On March 24, 2025, La Poste issues a stamp on the Chasseneuil-sur-Bonnieure Resistance Memorial built from 1945, eighty years ago. It contains 2,255 graves of combatants.
On a hill overlooking the small town of Chasseneuil-sur-Bonnieure, in the Charente department, stands a white monument more than twenty meters high that combines the "V" for Victory with the Cross of Lorraine. The work of the architect and former Charente resistance fighter François Poncelet, the Chasseneuil Resistance Memorial pays tribute to the combatants shot by the Nazis or who fell on the field of honor while fighting against the occupier.
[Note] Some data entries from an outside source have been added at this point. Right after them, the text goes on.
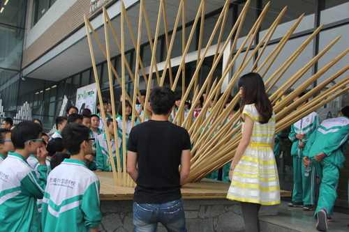参观过程中,辅导员方翰老师介绍了伟德体育官网专业特色、本次建造节的重要意义及成果,让同学们领略到建筑学子的动人风采。我院的志愿者为参观师生详细介绍了各个参赛作品,包括方案设计、设计理念、材料选取、施工过程等。同时也为他们普及了相关的建筑知识,参观师生也兴趣盎然,不断在作品间探索穿行,感受充满创意的文化艺术氛围。
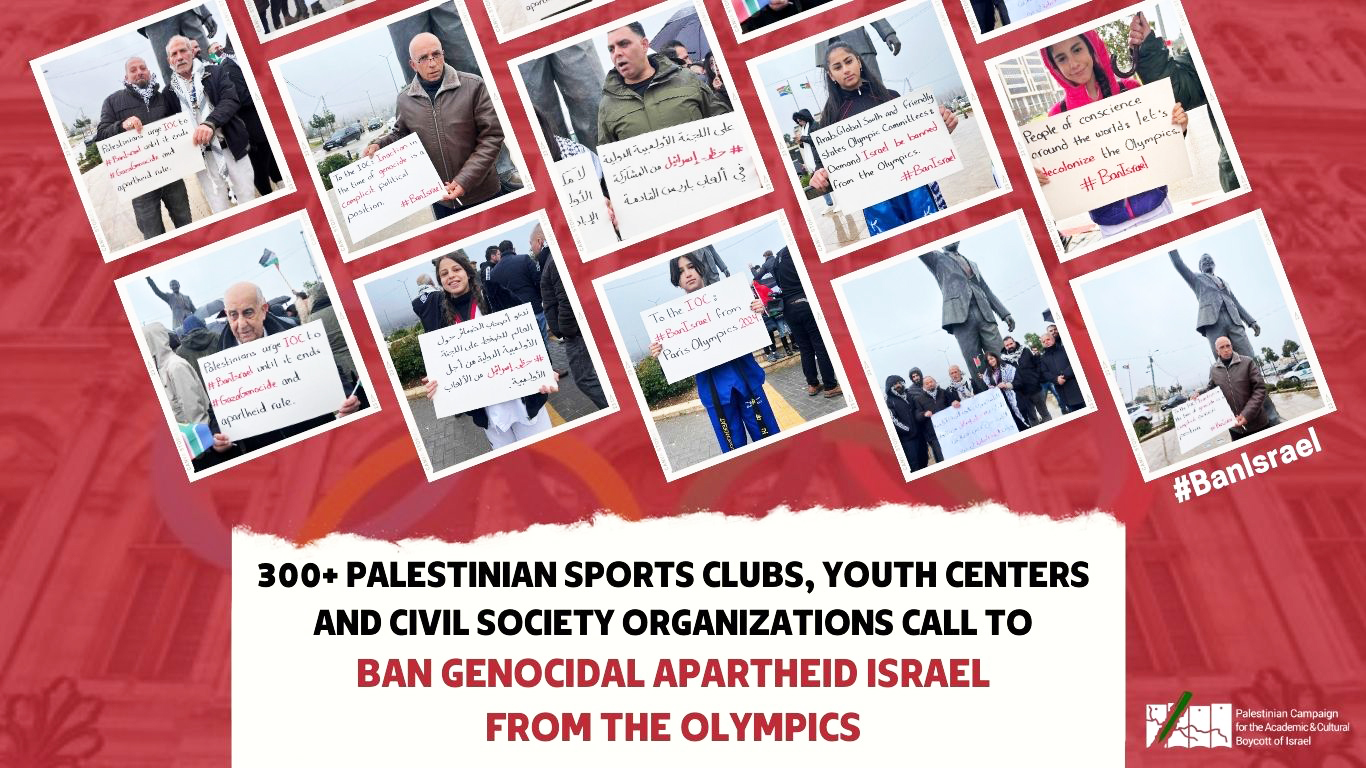 Nu går också runt 300 palestinska klubbar, fotbollsklubbar för både män och kvinnor, samt basket- och volleybollag ut och kräver att Israel idrottsbojkottas, detta i de döda palestinska idrottsmännens- och kvinnornas namn. I uppropet till IOC, #BanIsrael, heter det att IOC måste ”tillämpa sina principer och uppfylla sina skyldigheter genom att förbjuda Israel från att delta i nästa olympiska spel, i Paris i juli 2024. Detta tills Israel upphör med sina allvarliga brott mot internationell rätt, särskilt det israeliska apartheid-systemet och det pågående folkmordet i Gaza”.
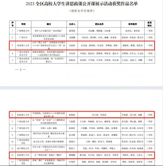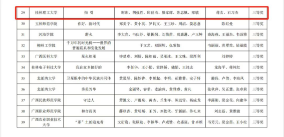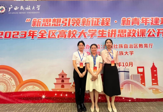 在第七届全区高校大学生讲思政课活动中,十大买球官网硕士研究生刘赵荷主讲的课程《心怀“国之大者”全面推进乡村振兴——从广西桂林毛竹山村之变说起》(指导老师:蒋晓俊、姚慧、陶昱君)荣获大赛一等奖,硕士研究生杨雅童主讲的课程《学思悟践,以知促行—中国革命道德理与义》(指导老师:李海霞、孙守湖、庞腾)荣获大赛一等奖,硕士研究生董晓娜主讲的课程《从“唯物史观”看漓江“蝶变”》(指导老师:李碧仙、梁英、王青山)荣获大赛二等奖。
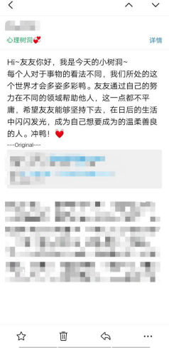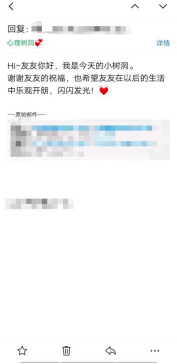 每年的5月25日,是老员工心理健康日,5.25是“我爱我”的谐音,寓意爱自己才能更好地爱他人。为促进同学心理健康,缓解压力,更好地认识自我,接纳自我,公司青年志愿者协会开展了以“树洞回音,温暖心灵”为主题的线上心理减压活动。
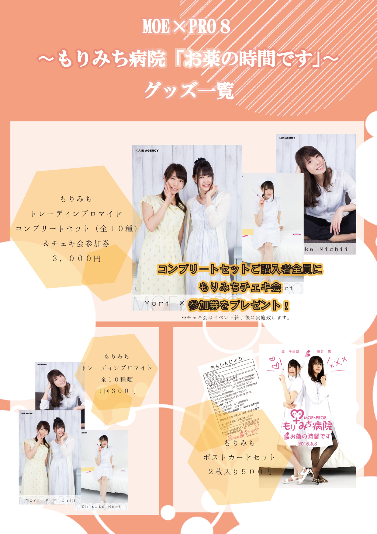 当日、お悩みが選ばれた方には起き上がる道井&猫ナース森のブロマイド&処方箋(もりみち直筆)をプレゼント!!
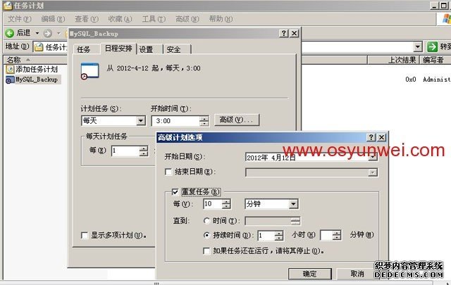 切換到日程安排來選項設置,還可以打開高級來設置每隔幾分鐘運行一次MySQL_Backup.bat這個腳本
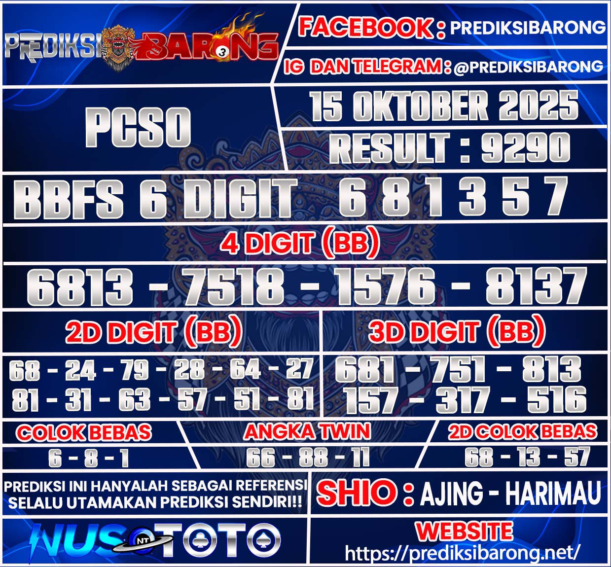 PREDIKSI TOGEL PCSO 15 OKTOBER 2025
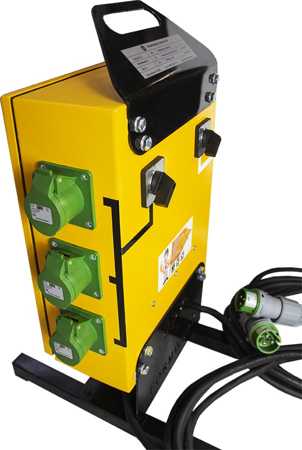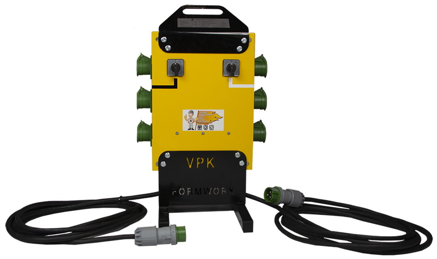 Разветвитель VPK Formwork 2/6 предназначен для подключения до 6-ти внешних вибраторов. Представляет собой коммутационное устройство с возможностью работы как от 1-ого преобразователя частоты, так и одновременно от 2-х независимых преобразователей. Для этого на входе имеются два кабеля с вилками 42В и 200 Гц. Минимальный ток каждой линии должен составлять 20 А. Каждый из двух кабелей питает группу розеток (3 шт) через переключатель для подключения шести внешних вибраторов.
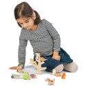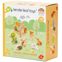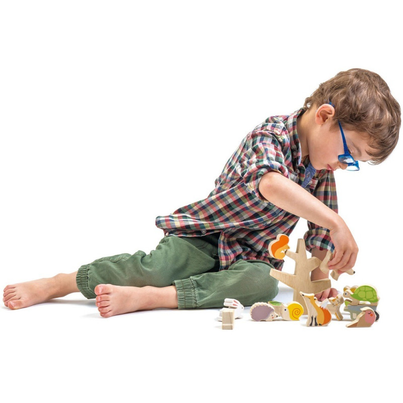 W zestawie drewniane drzewko, ślimak, wiewiórka, żółw,
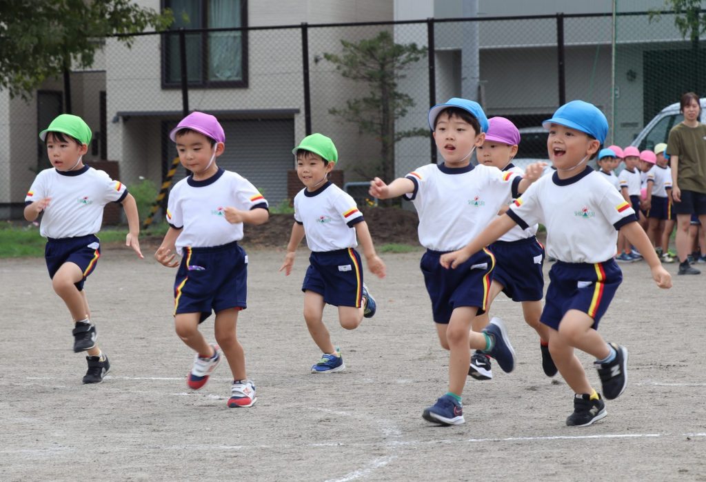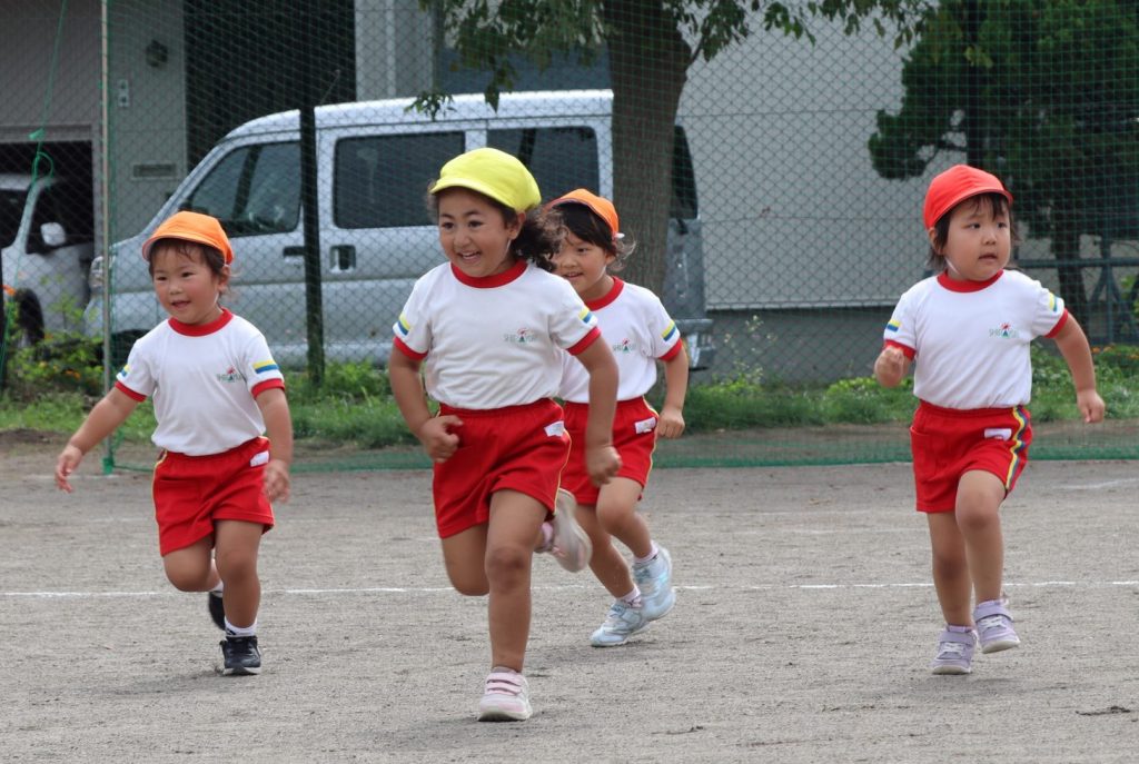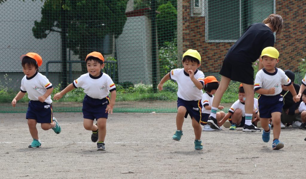 プログラム①、全園児による「かけっこ」です😄

Construction of the memorial began in 1945 on the initiative of Colonel Chabanne and the future senator-mayor of Chasseneuil Guy Pascaud, surviving members of the Bir Hacheim maquis: it was in 1943 that Claude Bonnier gave this name to all the maquis of Charente that he had just reorganized, in homage to the heroic fight of the allied forces against the Germans during the battle of Bir Hakeim in May-June 1942. The monument stands opposite the Cherves-Châtelars forest, which sheltered the Bir Hacheim maquis during the Second World War. Inaugurated on October 21, 1951 by the President of the Republic Vincent Auriol, the Chasseneuil-sur-Bonnieure memorial is surrounded by a military cemetery that extends over two hectares. This national necropolis does not only house the remains of the resistance fighters of the Charente maquis: there are in total 2,255 graves of fighters who died for France who line up their white crosses at the foot of the monument. The memorial thus preserves the memory of the martyrs of the Bir Hacheim maquis, but also more broadly that of the colonial soldiers who fell during the French campaign in 1940, as well as the resistance fighters from other regions whose bodies had initially been scattered in different cemeteries of the great South-West.
Beyond the Charente maquis, it is the entire French Resistance that is thus honored.